#### Instructions for the task:
In the data below, find every line with the word "create" and copy it.

***

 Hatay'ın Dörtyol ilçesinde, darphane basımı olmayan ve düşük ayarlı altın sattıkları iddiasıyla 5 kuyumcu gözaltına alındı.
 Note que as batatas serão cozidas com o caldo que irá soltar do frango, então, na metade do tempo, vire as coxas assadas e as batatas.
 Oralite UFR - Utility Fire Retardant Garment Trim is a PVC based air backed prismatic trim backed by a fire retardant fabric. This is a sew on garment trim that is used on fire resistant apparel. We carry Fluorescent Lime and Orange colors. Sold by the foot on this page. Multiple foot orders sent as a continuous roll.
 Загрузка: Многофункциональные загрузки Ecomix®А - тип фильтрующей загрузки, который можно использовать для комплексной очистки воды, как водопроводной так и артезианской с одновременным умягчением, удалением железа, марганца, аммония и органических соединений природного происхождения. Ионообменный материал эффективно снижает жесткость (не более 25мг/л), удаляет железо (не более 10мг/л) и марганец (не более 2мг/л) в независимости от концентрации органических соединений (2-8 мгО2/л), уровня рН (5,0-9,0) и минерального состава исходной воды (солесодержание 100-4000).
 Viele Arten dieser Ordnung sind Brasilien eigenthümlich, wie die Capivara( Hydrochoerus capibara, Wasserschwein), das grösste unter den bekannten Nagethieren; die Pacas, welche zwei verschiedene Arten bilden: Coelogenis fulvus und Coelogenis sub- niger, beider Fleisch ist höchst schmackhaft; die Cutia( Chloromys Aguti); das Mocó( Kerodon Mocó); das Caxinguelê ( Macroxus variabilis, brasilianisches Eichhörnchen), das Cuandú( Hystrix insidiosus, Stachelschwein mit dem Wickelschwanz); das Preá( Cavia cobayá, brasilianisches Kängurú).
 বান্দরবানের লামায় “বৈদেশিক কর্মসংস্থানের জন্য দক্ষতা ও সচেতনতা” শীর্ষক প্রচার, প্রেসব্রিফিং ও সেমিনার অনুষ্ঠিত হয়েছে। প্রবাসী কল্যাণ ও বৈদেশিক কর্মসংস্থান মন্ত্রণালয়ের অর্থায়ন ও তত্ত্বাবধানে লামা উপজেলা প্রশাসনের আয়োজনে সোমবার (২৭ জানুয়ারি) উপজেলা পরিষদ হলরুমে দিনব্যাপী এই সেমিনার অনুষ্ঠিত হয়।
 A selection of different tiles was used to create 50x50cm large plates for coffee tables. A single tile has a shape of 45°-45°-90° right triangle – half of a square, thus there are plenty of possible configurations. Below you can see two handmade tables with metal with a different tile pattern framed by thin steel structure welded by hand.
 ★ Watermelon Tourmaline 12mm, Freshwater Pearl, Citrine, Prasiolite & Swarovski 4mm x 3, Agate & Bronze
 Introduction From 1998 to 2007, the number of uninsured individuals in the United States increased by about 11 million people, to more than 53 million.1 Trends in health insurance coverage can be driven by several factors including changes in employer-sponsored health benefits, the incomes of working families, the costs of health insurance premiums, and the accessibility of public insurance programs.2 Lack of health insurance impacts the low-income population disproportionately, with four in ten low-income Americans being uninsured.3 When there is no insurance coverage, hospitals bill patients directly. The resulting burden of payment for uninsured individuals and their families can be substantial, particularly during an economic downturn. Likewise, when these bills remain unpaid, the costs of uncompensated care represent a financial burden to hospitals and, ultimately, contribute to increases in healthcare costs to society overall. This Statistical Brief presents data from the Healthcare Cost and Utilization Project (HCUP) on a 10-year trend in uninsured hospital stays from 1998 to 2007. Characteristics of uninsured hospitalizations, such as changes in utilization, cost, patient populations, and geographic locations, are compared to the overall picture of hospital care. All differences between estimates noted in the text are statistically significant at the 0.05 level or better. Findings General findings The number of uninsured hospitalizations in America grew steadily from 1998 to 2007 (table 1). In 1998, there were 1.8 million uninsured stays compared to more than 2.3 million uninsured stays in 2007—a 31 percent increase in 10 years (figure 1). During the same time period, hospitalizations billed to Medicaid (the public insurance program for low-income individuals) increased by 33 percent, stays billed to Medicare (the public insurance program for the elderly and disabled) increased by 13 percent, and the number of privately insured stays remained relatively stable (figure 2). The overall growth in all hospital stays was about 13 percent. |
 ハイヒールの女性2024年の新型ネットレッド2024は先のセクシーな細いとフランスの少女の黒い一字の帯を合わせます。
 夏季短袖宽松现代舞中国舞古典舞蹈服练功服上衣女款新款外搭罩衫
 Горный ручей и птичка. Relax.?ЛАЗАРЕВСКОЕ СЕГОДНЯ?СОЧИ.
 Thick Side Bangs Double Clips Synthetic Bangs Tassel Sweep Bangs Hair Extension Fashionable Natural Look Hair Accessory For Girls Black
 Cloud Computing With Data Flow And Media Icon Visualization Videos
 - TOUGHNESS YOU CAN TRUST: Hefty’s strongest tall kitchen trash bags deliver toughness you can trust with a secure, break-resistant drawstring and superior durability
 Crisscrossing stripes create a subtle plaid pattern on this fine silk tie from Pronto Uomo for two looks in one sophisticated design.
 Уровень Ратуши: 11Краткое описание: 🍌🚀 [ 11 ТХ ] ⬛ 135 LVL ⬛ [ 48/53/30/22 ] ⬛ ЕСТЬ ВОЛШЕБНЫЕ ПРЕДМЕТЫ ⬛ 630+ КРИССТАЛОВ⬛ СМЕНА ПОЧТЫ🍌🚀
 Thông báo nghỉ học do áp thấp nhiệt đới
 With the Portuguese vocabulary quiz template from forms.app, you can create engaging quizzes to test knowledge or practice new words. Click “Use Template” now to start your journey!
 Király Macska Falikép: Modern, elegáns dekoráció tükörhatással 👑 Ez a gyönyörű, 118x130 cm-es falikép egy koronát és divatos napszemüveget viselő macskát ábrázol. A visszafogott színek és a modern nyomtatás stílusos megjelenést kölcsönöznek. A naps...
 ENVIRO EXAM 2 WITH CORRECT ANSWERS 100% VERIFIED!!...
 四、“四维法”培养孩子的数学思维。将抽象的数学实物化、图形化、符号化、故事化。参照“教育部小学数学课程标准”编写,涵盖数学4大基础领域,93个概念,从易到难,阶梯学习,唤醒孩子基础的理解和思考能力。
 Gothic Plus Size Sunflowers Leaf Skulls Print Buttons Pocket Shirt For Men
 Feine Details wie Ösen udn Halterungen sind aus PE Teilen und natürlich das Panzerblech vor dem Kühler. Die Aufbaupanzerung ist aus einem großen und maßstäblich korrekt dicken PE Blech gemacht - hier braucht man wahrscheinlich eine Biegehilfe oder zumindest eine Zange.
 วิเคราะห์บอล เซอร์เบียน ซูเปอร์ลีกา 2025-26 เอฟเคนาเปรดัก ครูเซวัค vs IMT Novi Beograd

***

#### Written reply:
 A selection of different tiles was used to create 50x50cm large plates for coffee tables. A single tile has a shape of 45°-45°-90° right triangle – half of a square, thus there are plenty of possible configurations. Below you can see two handmade tables with metal with a different tile pattern framed by thin steel structure welded by hand.
 Crisscrossing stripes create a subtle plaid pattern on this fine silk tie from Pronto Uomo for two looks in one sophisticated design.
 With the Portuguese vocabulary quiz template from forms.app, you can create engaging quizzes to test knowledge or practice new words. Click “Use Template” now to start your journey!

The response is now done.